Participating in the competition, which was held from 12 to 23 September at a training ground in Beijing's Changping District, were 61 'leading units' (14 military and political colleges, 26 private enterprises, 10 state-owned enterprises, and 11 research institutes) and 136 teams, said China's Ministry of National Defense (MND), pointing out that there were four categories and a total of 10 competition groups.
The aim of this year's contest, which saw a sharp rise in the number of participants, was to examine how the vehicles can navigate across extremely challenging terrain while simultaneously performing tasks.
The setting for this year's competition, which is seen as the Chinese equivalent to the US Defense Advanced Research Projects Agency (DARPA) Grand Challenge, was more demanding than that of previous years (2014 and 2016). The teams were expected to carry out dynamic path planning, navigate through GPS-denied areas, conduct target identification, carry out reconnaissance missions, overcome obstacles, and perform battlefield manoeuvres.

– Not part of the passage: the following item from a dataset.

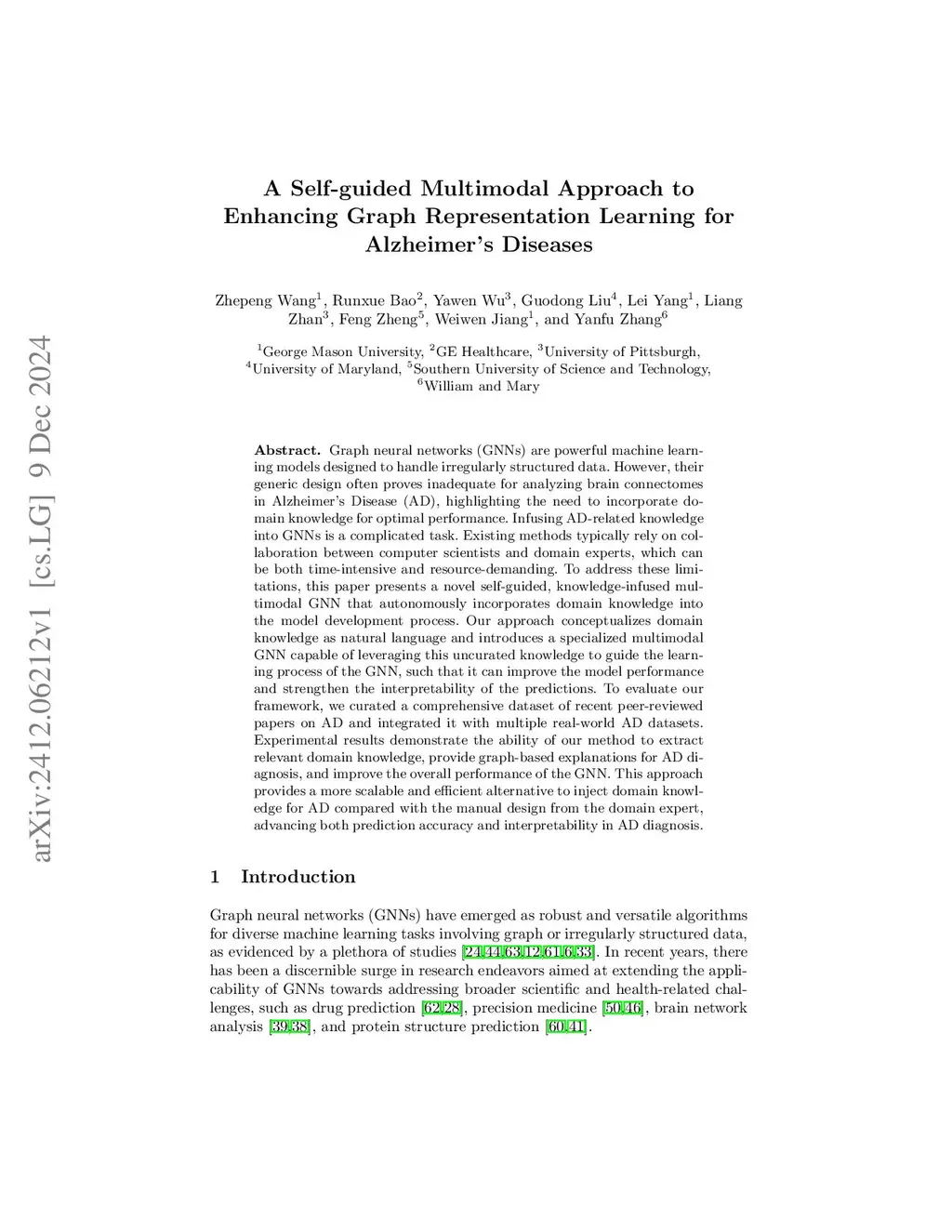 Graph neural networks (GNNs) are powerful machine learning models designed to handle irregularly structured data. However, their generic design often proves inadequate for analyzing brain connectomes in Alzheimer's Disease (AD), highlighting the need to incorporate domain knowledge for optimal performance. Infusing AD-related knowledge into GNNs is a complicated task. Existing methods typically rely on collaboration between computer scientists and domain experts, which can be both time-intensive and resource-demanding. To address these limitations, this paper presents a novel self-guided, knowledge-infused multimodal GNN that autonomously incorporates domain knowledge into the model development process. Our approach conceptualizes domain knowledge as natural language and introduces a specialized multimodal GNN capable of leveraging this uncurated knowledge to guide the learning process of the GNN, such that it can improve the model performance and strengthen the interpretability of the predictions. To evaluate our framework, we curated a comprehensive dataset of recent peer-reviewed papers on AD and integrated it with multiple real-world AD datasets. Experimental results demonstrate the ability of our method to extract relevant domain knowledge, provide graph-based explanations for AD diagnosis, and improve the overall performance of the GNN. This approach provides a more scalable and efficient alternative to inject domain knowledge for AD compared with the manual design from the domain expert, advancing both prediction accuracy and interpretability in AD diagnosis.

The environment chosen for the contest was designed to emulate combat conditions as realistically as possible. For instance, the 12 km-long route featured rivers, inclines, ditches, trenches, muddy sections, grassland, bogs, sand, rocks, gravel roads, steep slopes, gullies, path obstacles, smoke obscuration, as well as signal interruptions.
Mobility is often challenging when it comes to autonomous capabilities. When satellite navigation signals are disturbed, the vehicles are forced to use inertial navigation units (INU), real-time positioning, and 3D mapping to acquire their positioning information, which is undoubtedly more difficult.
Some of the teams that took part in this year's competition concentrated their research on mobility systems, particularly the suspension. Wheels and tracks fitted to independently elevated arms aided the platforms when overcoming high obstacles and traversing muddy terrain.